3. Materials and Methods

3.1. Heritability Analysis

3.1.1. Leaves and Fruits Sampling

Samples for heritability analysis were collected from an experimental farm in Tapachula, Chiapas, Mexico. We designed a maternal half-sibs approach in order to estimate the heritability of metabolites in both tissues, leaves and fruits. In this study, 120 C. canephora plants were included, consisting of 40 mother plants and their F1 progeny (two sibs for every mother plant), which was reproduced by open-pollinated seeds. Leaves of all plants (mothers and sibs) were sampled at 6 months of age for F1 plants and, three years later in a second sampling (at first fruit harvest of F1 plants), completely mature fruits of both mother plants and sibs were obtained.

3.1.2. Leaves and Fruits Tissue Metabolite Extraction

Approximately two grams of freeze-dried tissue were ground in a Mixer Mill MM 301 (Retsch®) at 30 Hz for 15 s and sieved with a mesh for <300 µm particle size. Then, 35 mg of every sample was extracted twice in 450 µL of solvent (75% methanol/24.85% water, 0.15% formic acid), 25 min in an ultrasound bath at room temperature. After centrifugation at 15,870× g for 5 min at room temperature, the supernatants of first and second extraction were collected in the same 1.5 mL tube and filtered using a 0.2 µm membrane. These fractions were subjected to UPLC-MS analysis.

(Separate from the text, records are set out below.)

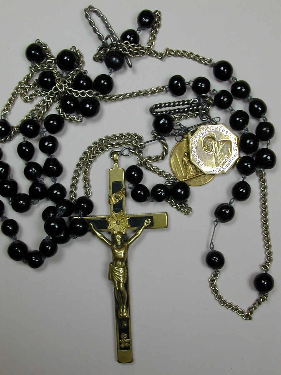 Ordekleding Liefdezusters van de H. Carolus Borromeus: rozenkrans met kruisbeeld en medailles
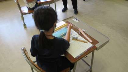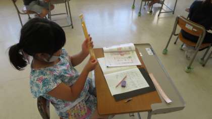「1cm」より短い「mm」という単位を学びました。長さを測る道具として「30cmものさし」が配られました。木製ではなく、プラスチック製です。早速、いろいろな物の長さを測っています。
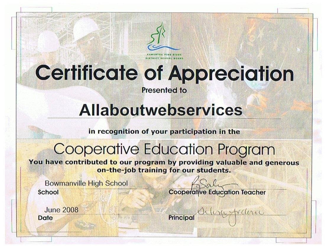 Thank you for the opportunity to complete my placement at All About Web Services. It was a great experience and I learned a lot during my 4 weeks. I know that I started at a hectic time with the servers being down, but even that was a great learning experience watching how everything was handled and the work that went into getting everything back up and running again. Thank you again for the opportunity and experience.
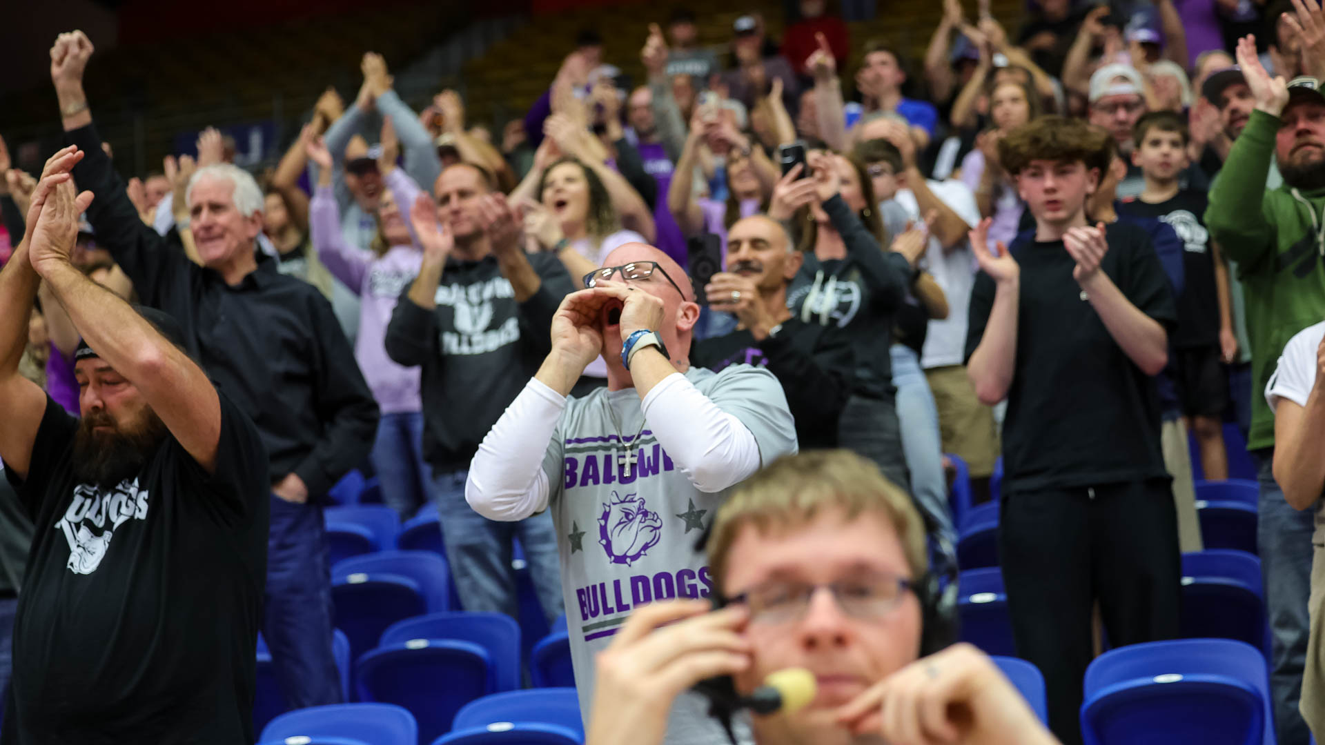Baldwin’s fans cheer on the Bulldogs during the trophy ceremony after the team won against Rock Creek in the 4A state championship boys basketball game on March 14 at Hutchinson Sports Arena.
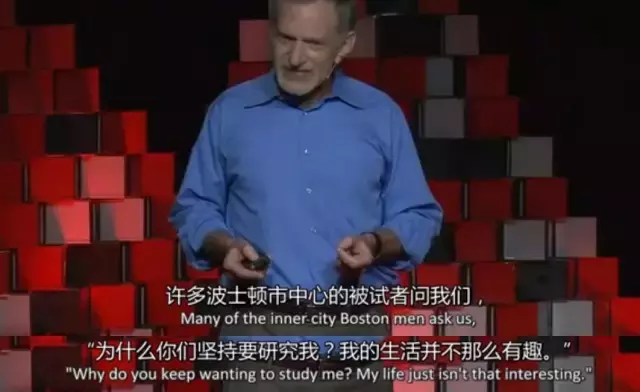 研究从1938年开始,共追踪了724个人。这些人分为两类,一类是哈佛的大学生,毕业后几乎都去参战;第二类是波士顿贫民区的男孩子。当他们成年后,有人成为工人、医生、律师、演员,还有一位当了美国总统;一些人长寿,一些人酗酒,少数精神分裂。有些从底层一路攀升到顶层,有些人走了相反的路。
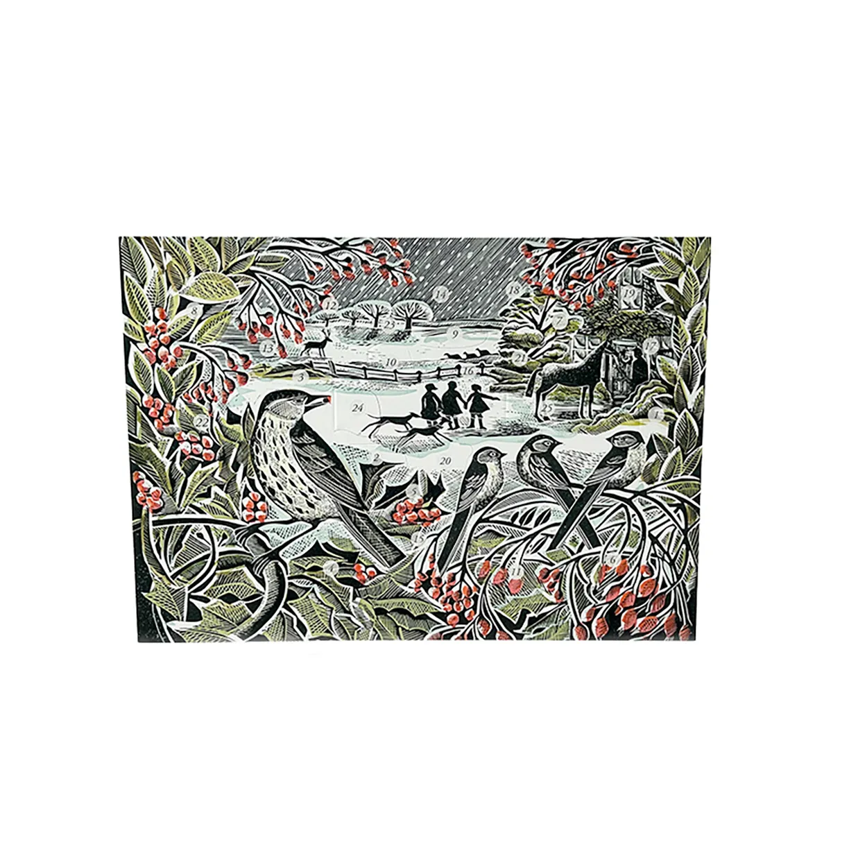Angela Harding holly hedge mini advent calendar greetings card. A seasonal Winter countryside scene with 24 little windows to open for the countdown to Christmas. Blank inside for your own Christmas wishes.

3.1.3. Estimation of Metabolites Heritability

Narrow sense heritability of metabolites was calculated through offspring-parents regression, which is suitable for cross-fertilizing crops, and when the estimation of heritability is performed for half-sib families regressed on a single parent. Measures corresponded to intensity levels of every metabolite detected. The regression coefficient (Yi), which measures the rate between covariance of parents to offspring covariance, with its respective standard error was calculated as follows: Yi = β0 + β1Xi + εi, where: Yi = Average measures of offspring of the X families; β0 = intercept; β1 = regression coefficient; Xi = Measurement of only one parent (mother plant) per family; εi = Standard error. The slope of the regression line (β1) represents an estimate of narrow-sense heritability (h2), which depends mainly on additive genetic values. Narrow-sense heritability (h2) is very important for plant breeding programs because artificial selection mainly depends on additive genetic variance.

3.2. UPLC-ESI-MS Analysis

Metabolite analysis was performed employing an UPLC-ESI-MS (Ultra Performance Liquid Chromatography Electrospray Mass Spectrometry) system consisting of an Accela UPLC coupled to LCQ Fleet Ion Trap (Thermo Finnigan, San José, CA, USA). Separation of compounds was performed on a Hypersil Gold C18 column (50 × 2.1 mm, 1.9 µm particle size). In the UPLC system, mobile phase A consisted of 0.1% FA in water and solvent B was MetOH with 0.1% FA. For leaves analysis, the solvent gradient was as follows: 8% B, 0–0.5 min; 8–65% B, 0.5–6.5 min; 65%–100% B, 6.5–20 min; 100% B during 1 min (20–21 min); 0.5 min for comeback to re-equilibration conditions and finally, 8% B during 3.5 min (21.5–25 min). The gradient standardized for fruit tissues was: 3% B during 1 min; 3–50%, 1–5 min; 50–73% B, 5–5.5 min; 73–100% B, 5.5–19.3 min; 100% B during 1min; 100% B–3% B, 20.3–21.5; and 3.5 min 3% B for column re-equilibration. For roasted coffee analysis, the solvent gradient was: 0–1 min, 2% B; 1–6 min, 2–66% B; 6–12 min, 66–88% B; 12–19 min, 88–93% B; 93–97% B in 1 min; 97–100% B, 20–25 min; from 25 to 27 min was maintained at 100% B; 27–27.5 min, 100% B–98% A and finally, column re-equilibration for 3.5 min with 2% B. The column oven temperature was always maintained at 40 °C, and the flow rate was 550 µL/min. Spectra were acquired in a range of 50–1000 m/z. The analysis was made for separated in both positive and negative mode. The scan time was 500 ms (3 micro-scans). The ESI source parameters employed for positive mode were: capillary temperature 330 °C; capillary voltage 35 V; spray voltage 4 kV; Tube lens 80 V; nitrogen sheath gas 30 arbitrary units (AU); auxiliary gas 15 AU. For negative mode, the capillary voltage was −45 V and −123.38 V for tube lens. For the MS analyses, the collision energy (CID) was normalized to 35.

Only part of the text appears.